» DATA BELOW

****************************************

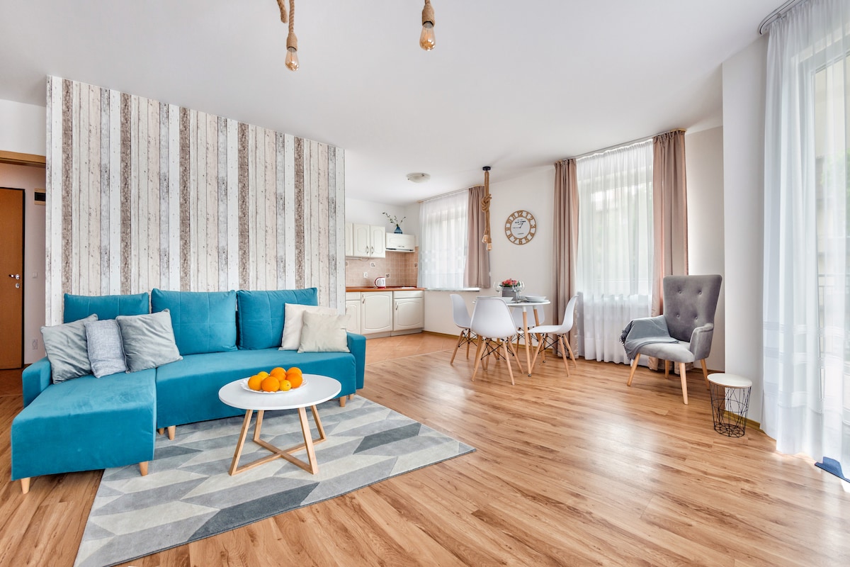 Apartament z prywatną sauną fińską, balkonem. Jasny, pięknie wykończony! Posiada wydzieloną sypialnię z dużym wygodnym łóżkiem, szafą i TV. W salonie- komfortowa rozkładana duża sofa, stół. Aneks kuchenny wyposażony jest w m.in.: zmywarkę, kuchenkę mikrofalową, indukcyjną płytę grzewczą, zlew, czajnik elektryczny, ciśnieniowy ekspres do kawy z młynkiem, opiekacz/toster, naczynia i sztućce. W łazience: prysznic, pralka. W korytarzu: duża szafa na ubrania oraz mniejsza- na okrycia wierzchnie.
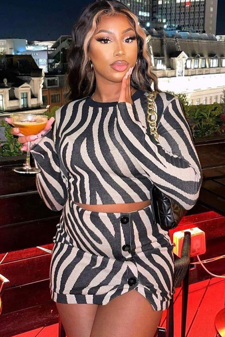 Zebra Long Sleeve Crop Top And Mini Skirts Set
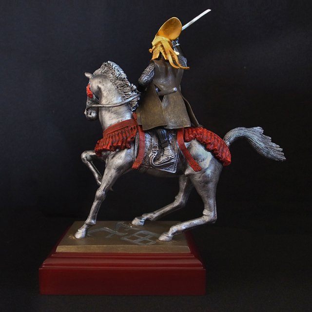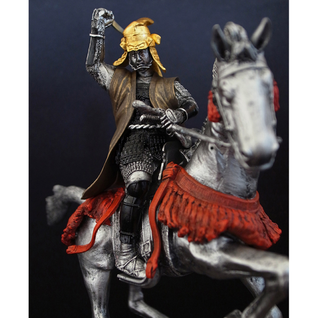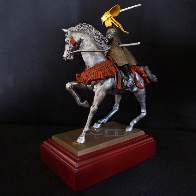 逸話が残されています。本像は一騎打ちの場面を連想させる、躍動的な騎馬姿を見事に捉えた武将像です。
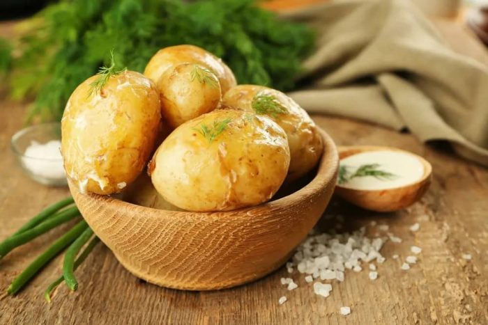 سپس آنها را به هر تعدادی که برای شما کافیست درون آب گذاشته و روی حرارت ملایمی قرا می دهید تا آب به جوش بیاید و سیب زمینیها به مرور پخته شوند زمان پخت سیب زمینی با توجه به نوع سیب زمینی و حتی اندازه آنها می تواند بین 40 تا 60 دقیقه باشد. قطعا اگر سیب زمینیهای کوچک تری را انتخاب کنید زمان پخت آن کوتاه تر خواهد بود سپس برای این که از پخت سیب زمینی مطمئن شوید می توان به واسطه یک چنگال و فرو بردن در سیب زمینی از پختن آنها مطمئن شوید.

****************************************

» WORK INSTRUCTIONS
In your copy, include no pictures; print every line above exactly.

» TASK OUTPUT
 Apartament z prywatną sauną fińską, balkonem. Jasny, pięknie wykończony! Posiada wydzieloną sypialnię z dużym wygodnym łóżkiem, szafą i TV. W salonie- komfortowa rozkładana duża sofa, stół. Aneks kuchenny wyposażony jest w m.in.: zmywarkę, kuchenkę mikrofalową, indukcyjną płytę grzewczą, zlew, czajnik elektryczny, ciśnieniowy ekspres do kawy z młynkiem, opiekacz/toster, naczynia i sztućce. W łazience: prysznic, pralka. W korytarzu: duża szafa na ubrania oraz mniejsza- na okrycia wierzchnie.
 Zebra Long Sleeve Crop Top And Mini Skirts Set
 逸話が残されています。本像は一騎打ちの場面を連想させる、躍動的な騎馬姿を見事に捉えた武将像です。
 سپس آنها را به هر تعدادی که برای شما کافیست درون آب گذاشته و روی حرارت ملایمی قرا می دهید تا آب به جوش بیاید و سیب زمینیها به مرور پخته شوند زمان پخت سیب زمینی با توجه به نوع سیب زمینی و حتی اندازه آنها می تواند بین 40 تا 60 دقیقه باشد. قطعا اگر سیب زمینیهای کوچک تری را انتخاب کنید زمان پخت آن کوتاه تر خواهد بود سپس برای این که از پخت سیب زمینی مطمئن شوید می توان به واسطه یک چنگال و فرو بردن در سیب زمینی از پختن آنها مطمئن شوید.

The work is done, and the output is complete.